At the same time, firms are increasingly hiring for adaptable skills—learning agility, collaboration, and digital fluency—that can be developed through targeted training and mentorship. Some experts argue that focusing narrowly on IQ metrics can distract from practical interventions: strengthening apprenticeships, improving assessment of job-relevant skills, and designing workflows that support attention and accuracy.
The debate also intersects with mental health and productivity. Chronic stress, sleep disruption and anxiety can impair concentration and memory, affecting both academic performance and workplace output. Business leaders monitoring retention and performance are increasingly looking at wellness, workload design and clear expectations as levers that may improve both human outcomes and organizational results.
What experts say is missing from the “brain-rot” narrative
Specialists quoted in the BusinessMirror report emphasize that generational generalizations can mask wide variation within Gen Z. Socioeconomic background, school quality, language environment and access to support services strongly influence outcomes.
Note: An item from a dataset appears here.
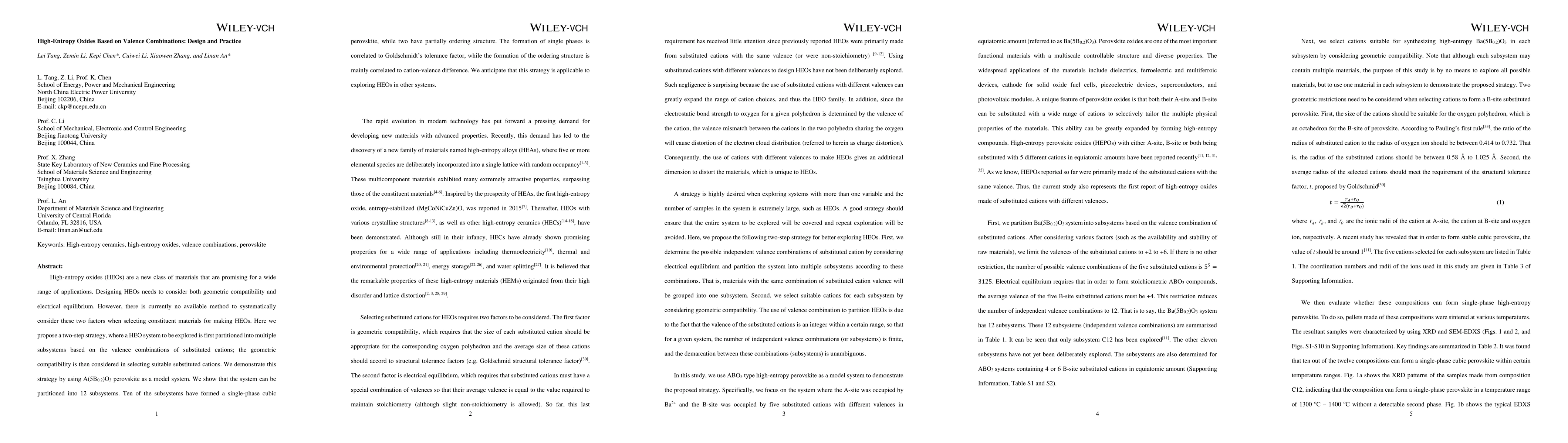 High-entropy oxides (HEOs) are a new class of materials that are promising for a wide range of applications. Designing HEOs needs to consider both geometric compatibility and electrical equilibrium. However, there is currently no available method to systematically consider these two factors when selecting constituent materials for making HEOs. Here we propose a two-step strategy, where a HEO system to be explored is first partitioned into multiple subsystems based on the valence combinations of substituted cations; the geometric compatibility is then considered in selecting suitable substituted cations. We demonstrate this strategy by using A(5B0.2)O3 perovskite as a model system. We show that the system can be partitioned into 12 subsystems. Ten of the subsystems have formed a single-phase cubic perovskite, while two have partially ordering structure. The formation of single phases is correlated to Goldschmidt's tolerance factor, while the formation of the ordering structure is mainly correlated to cation-valence difference. We anticipate that this strategy is applicable to exploring HEOs in other systems.

Treating an entire cohort as cognitively impaired can stigmatize young people and shift attention away from structural fixes.
Another caution is that different countries and datasets do not always tell the same story. Changes in testing, participation rates, immigration patterns, and educational reforms can alter averages. Some researchers argue that the most responsible reading of the evidence is conditional: certain cognitive skills may be under pressure in some environments, while others may be stable or improving.
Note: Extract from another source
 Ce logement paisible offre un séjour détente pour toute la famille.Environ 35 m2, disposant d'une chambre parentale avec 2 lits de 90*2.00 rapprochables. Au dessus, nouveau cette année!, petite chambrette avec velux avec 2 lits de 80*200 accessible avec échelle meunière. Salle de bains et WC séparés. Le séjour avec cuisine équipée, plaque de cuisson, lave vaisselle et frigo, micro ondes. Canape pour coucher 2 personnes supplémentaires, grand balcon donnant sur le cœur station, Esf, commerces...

Even within the same population, trends may differ by skill domain. Analysts suggest that modern life can strengthen rapid information scanning and visual processing while weakening patience for complex texts or multi-step reasoning. That tradeoff matters for business and policy because it affects how training is designed, how information is communicated, and how performance is evaluated.
Factors commonly discussed in the Gen Z IQ scores brain-rot debate
Across the research and commentary highlighted in the BusinessMirror article, several drivers recur. They are typically presented as interacting influences rather than single causes.
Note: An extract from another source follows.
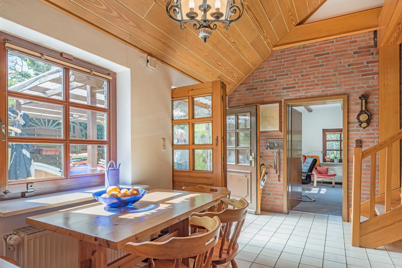 Wunderschöne Wohnung in einem 3-Familien Reetdachhaus auf einem großen Grundstück gelegen mit Garten, Terrasse und Carport. Sehr ruhige und idyllische Lage mit gutem Anschluss zu den öffentlichen Verkehrsmitteln. Das Reetdachhaus wurde um die 1888 erbaut und 1985 komplett saniert. Die Wohnung geht über 2 Etagen (Erdgeschoss und 1.OG) und besitzt sowohl Teppich als auch Fliesen. Helles gemütliches Wohnzimmer mit Sofa, Sessel, Couchtisch, Wandregal, Schreibtisch und Flat-TV. Vollausgestattete Küc...
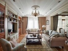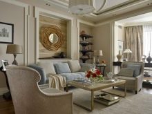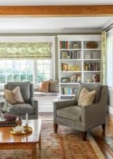 كل شيء بسيط نسبيًا هنا. يفترض هذا النمط الداخلي أثاثًا كبيرًا ومريحًا. يتم تشجيع استخدام الخزانات المدمجة ، والتي هي أفضل من نظيراتها الفردية. المقاعد والوسائد المقتضبة بصريًا مطلوبة.

- Education disruption and quality: learning loss from closures, teacher shortages, and uneven remediation
- Media and attention: constant connectivity, multitasking, and platform incentives that favor short engagement
- Reading and language exposure: reduced long-form reading and weaker comprehension practice
- Sleep and health: fatigue, stress, and lifestyle changes that affect cognition
- Measurement issues: test design changes, sampling differences, and limits of IQ as a proxy for capability
Experts stress that policy and business responses should focus on what can be changed: improving foundational learning, rebuilding study habits, and creating environments that reward sustained effort. In workplaces, that can include structured training, clearer documentation, and realistic performance metrics that reflect the real tasks employees perform.
The BusinessMirror report ultimately frames the issue as a signal for closer analysis rather than a verdict on a generation. Whether IQ score trends are meaningful, and how they map to workplace performance, depends on the details of the data and the surrounding conditions shaping learning and attention.
Disclaimer: This article is a newsroom summary of a BusinessMirror report and related expert perspectives for context. It does not provide medical, psychological, or educational advice.